Heterozygous Ile453Val codon mutation in exon 7, homozygous single nucleotide polymorphisms in intron 2 and 5 of cathepsin C are associated with Haim-Munk syndrome

• Published in: European journal of dentistry Vol. 8; no. 1; pp. 079 - 084
• Main Authors: Aswath, Nalini, Swamikannu, Bhuminathan, Ramakrishnan, Sankar Narayanan, Shanmugam, Rajendran, Thomas, Jayakar, Ramanathan, Arvind
• Format: Journal Article
• Language: English
• Published: A-12, Second Floor, Sector -2, NOIDA -201301, India Thieme Medical and Scientific Publishers Private Ltd 01.01.2014; Medknow Publications and Media Pvt. Ltd; Medknow Publications & Media Pvt Ltd
• Subjects: Cathepsins; Codon; Gene mutations; Genetic aspects; Health aspects; Introns; Original; Original Article; Papillon-Lefevre disease; Physiological aspects; Single nucleotide polymorphisms; India; mutation; Hain-Munk syndrome in India; Hain-Munk syndrome; single nucleotide polymorphism in Hain-Munk syndrome; Cathepsin C mutation
• ISSN: 1305-7456; 1305-7464
• DOI: 10.4103/1305-7456.126250

ABSTRACT Objective: In the present study, we have investigated the genetic status of CTSC gene in a HMS subject, who along with her parents belonged to non-Jewish South Indian Dravidian community. Materials and Methods: Genomic deoxyribonucleic acid isolated from the peripheral blood of the subject was amplified with CTSC exon specific primers and were analyzed by direct sequencing.

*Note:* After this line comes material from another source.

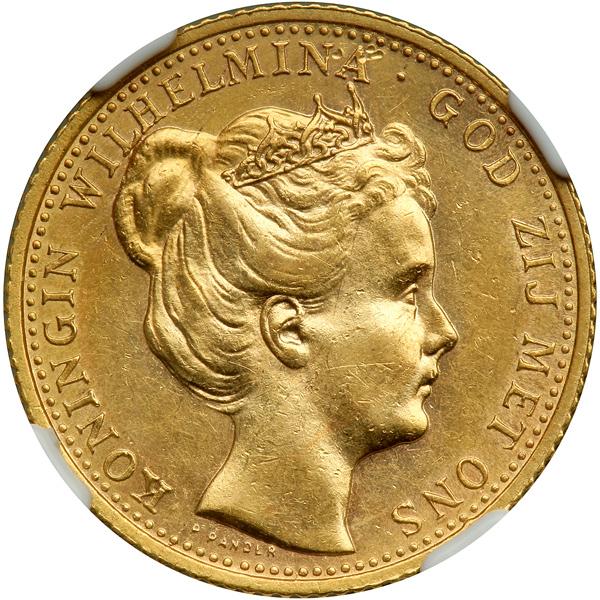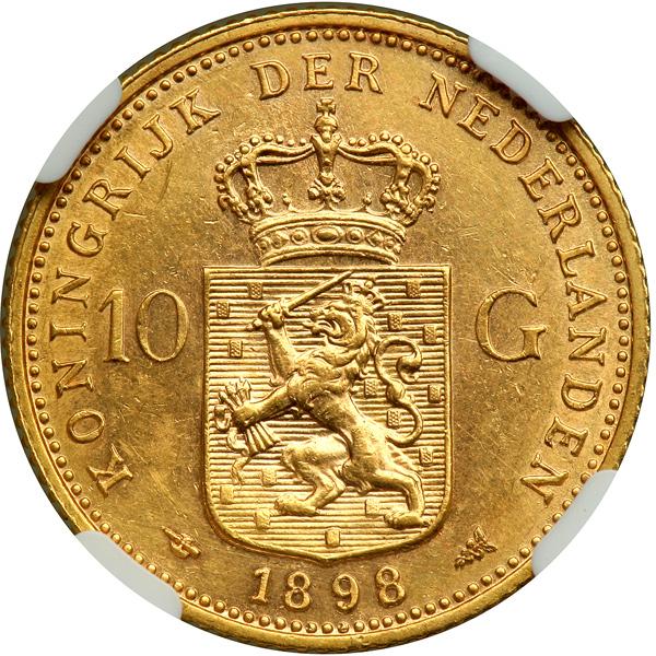 Netherlands. 10 Gulden, 1898. Fr-348; KM-124. Weight 0.1947 ounce. Wilhelmina, 1890-1948. Large head with coronet. One year type. Lightly cleaned. Lustrous. NGC graded Extremely Fine Details.

Results: Sequencing analysis identified Ile453Val mutation within exon 7 of CTSC gene in heterozygous condition, and two single nucleotide polymorphisms (SNPs) within intron 2 and 5 in homozygous condition. Conclusion: The present study has identified for the first time the association of Ile453Val mutation within exon 7 and the two SNPs in a subject with HMS.